It is almost the end of July already. Time is flying. Yet it seems that I should have been here longer, due to how much I have learned and experienced. I am almost to my 6 month mark and know that I will be here past 6 months. It is odd to me to think that I could be leaving now. It seems as thought I just got here. I am just getting started.
The month of June held alot of activity. We finished up with school, which held graduations and ceremonies. They really do things up here. The kindergarden gradution is the biggest. Alfredo was our only one this year and he was to dress up on a tie for the ceremony. They perform traditional dances and the whole family is involved in the child receiving the diploma. It was so much fun! However, we don't have air conditioning...so you can imagine sitting in a room with 100 people when it is 100 degrees outside. HOT! But it was worth it! The other children had ceremonies as well, where they had to dress in traditional Mexican outfits and perform traditional dances. It was all very fun and intersting to watch and to see the kids get excited about it.
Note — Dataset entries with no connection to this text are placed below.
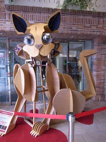 駅ビルの広場には巨大猫のオブジェが飾ってあって、すぐ脇の案内所ではねこ祭りのパンフレットやマップを配布しています。
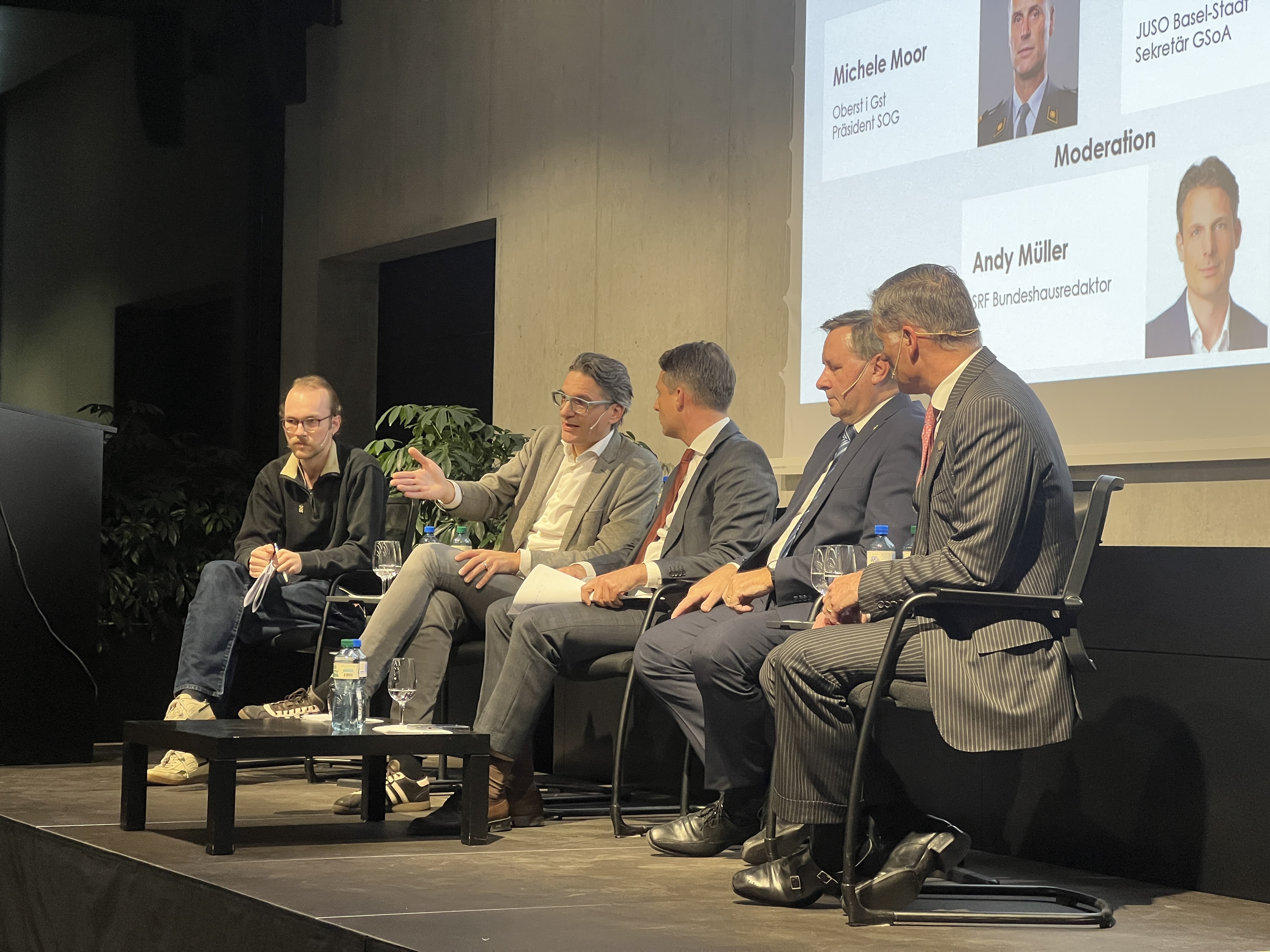 Den kleinsten gemeinsamen Nenner des Abends formulierte Nationalrat Andrey treffend: «Ich wünsche mir natürlich eine Welt, in der wir ohne Armeen auskommen und keine Kriege hätten – ich glaube, niemand hier drin wünscht sich im Endeffekt nicht auch eine solche Welt». Im weiteren Diskussionsverlauf wurde allerdings deutlich, dass Mittel und Wege, dieses Ziel zu erreichen, unterschiedlicher nicht sein könnten.
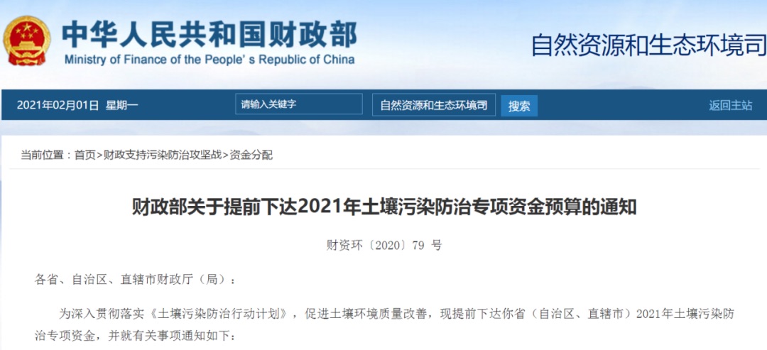 財政部下達的關于2021年土壤污染防治專項資金預算的通知中明確列出各省(自治區、直轄市)的安排金額,全國共計28億元人民幣,要求各省(自治區、直轄市)確定明確的績效目標及時對下分解,做好預算績效管理工作。截至目前,已有浙江、四川、廣東、江西、海南、鄭州等省市陸續下達關于2021年中央土壤污染防治資金的公示。
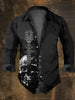 Men's Punk Art Print V-Neck Long Sleeve Button Shirt Top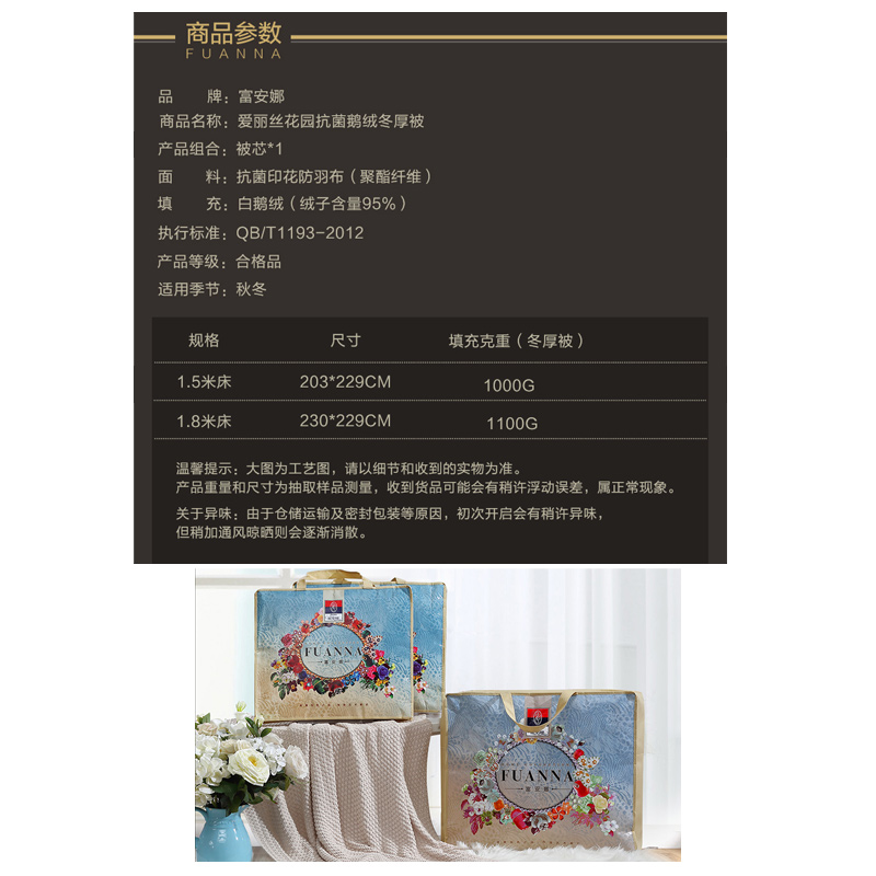 爱丽丝花园抗菌鹅绒冬厚被(被子1件)(适合1.5米床)【面料:聚酯纤维;填充:白鹅绒(绒子含量95%)/粉】 |

We also had the Quinsenera for Sandra, Adriana, and Nati (Lupe's daughter). The day starts with a church cerimony, blessing each girl. There is a huge meal later in the day, then the ceremony started at 9pm. Apparently, that is normal here...and they like to dance all night long! During the ceremony, the girl is presented with heels. This signifies her coming of age. She changes from her flat shoes to her heels and dances the night away. It was exciting to see each girl in their moment to shine.
We also have had alot of groups come through the last few weeks. Some have been here to work and some to just visit. It was fun to meet new people and we are very appreciative of what has been accomplished, but I am ready to not socialize for a while. It was really exhausting. It seems funny to me know to look forward to just hanging out with all the kids. Seemed like alot when I first got here, now I look forward to just the 20 of us being around. :)
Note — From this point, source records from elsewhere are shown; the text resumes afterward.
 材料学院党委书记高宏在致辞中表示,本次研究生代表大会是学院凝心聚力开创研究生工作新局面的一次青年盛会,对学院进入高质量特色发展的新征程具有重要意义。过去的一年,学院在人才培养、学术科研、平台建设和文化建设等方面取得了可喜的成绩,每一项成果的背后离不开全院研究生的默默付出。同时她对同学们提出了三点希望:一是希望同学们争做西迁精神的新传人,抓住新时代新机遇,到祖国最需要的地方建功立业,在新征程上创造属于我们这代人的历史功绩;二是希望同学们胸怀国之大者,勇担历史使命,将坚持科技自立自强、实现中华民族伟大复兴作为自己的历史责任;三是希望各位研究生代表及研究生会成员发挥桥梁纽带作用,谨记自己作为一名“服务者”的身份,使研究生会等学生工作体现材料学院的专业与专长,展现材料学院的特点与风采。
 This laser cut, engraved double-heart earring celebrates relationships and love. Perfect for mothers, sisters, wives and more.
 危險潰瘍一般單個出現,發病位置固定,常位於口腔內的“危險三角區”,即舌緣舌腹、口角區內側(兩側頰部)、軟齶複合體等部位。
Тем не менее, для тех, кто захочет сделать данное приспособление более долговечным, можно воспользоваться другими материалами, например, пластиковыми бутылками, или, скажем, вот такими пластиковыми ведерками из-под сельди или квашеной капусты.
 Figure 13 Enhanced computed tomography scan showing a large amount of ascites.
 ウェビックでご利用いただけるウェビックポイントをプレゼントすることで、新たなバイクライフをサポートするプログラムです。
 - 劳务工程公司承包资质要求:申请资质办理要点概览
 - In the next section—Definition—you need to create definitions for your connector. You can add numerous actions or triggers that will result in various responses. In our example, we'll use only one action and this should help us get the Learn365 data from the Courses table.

We are now preparing for school to start August 20. And there are so many things to do before then. We wanted to get things set up here to school the children, however, the legalistics have not happened and we may have to send them to public school one more year...or at least part of it. I definately underestimated the work it takes to get 17 children ready for school. With proper uniforms, shoes, bookbags and all their supplies....wow.
Now that I am entering my 6th month, I am really settled into my life here. I am realizing that I have, for the most part, given up my single life. I would not trade my life for the world, but I am getting tired. It is more so emotionally, which also effects me physically. There are so many factors that play into this and would take me forever to explain...so I will spare you. But, please keep me in your prayers. I need to be able to refocus and recharge. I need wisdom in how I need to change and boundries I need to set in place to ease things up a bit. I know this is a slump I have hit, but the newness has wore off and I need to regroup. I feel so humbled by how much support I have received from friends and family. I know that I am not alone. Thank you, you will never know how much it has meant to me.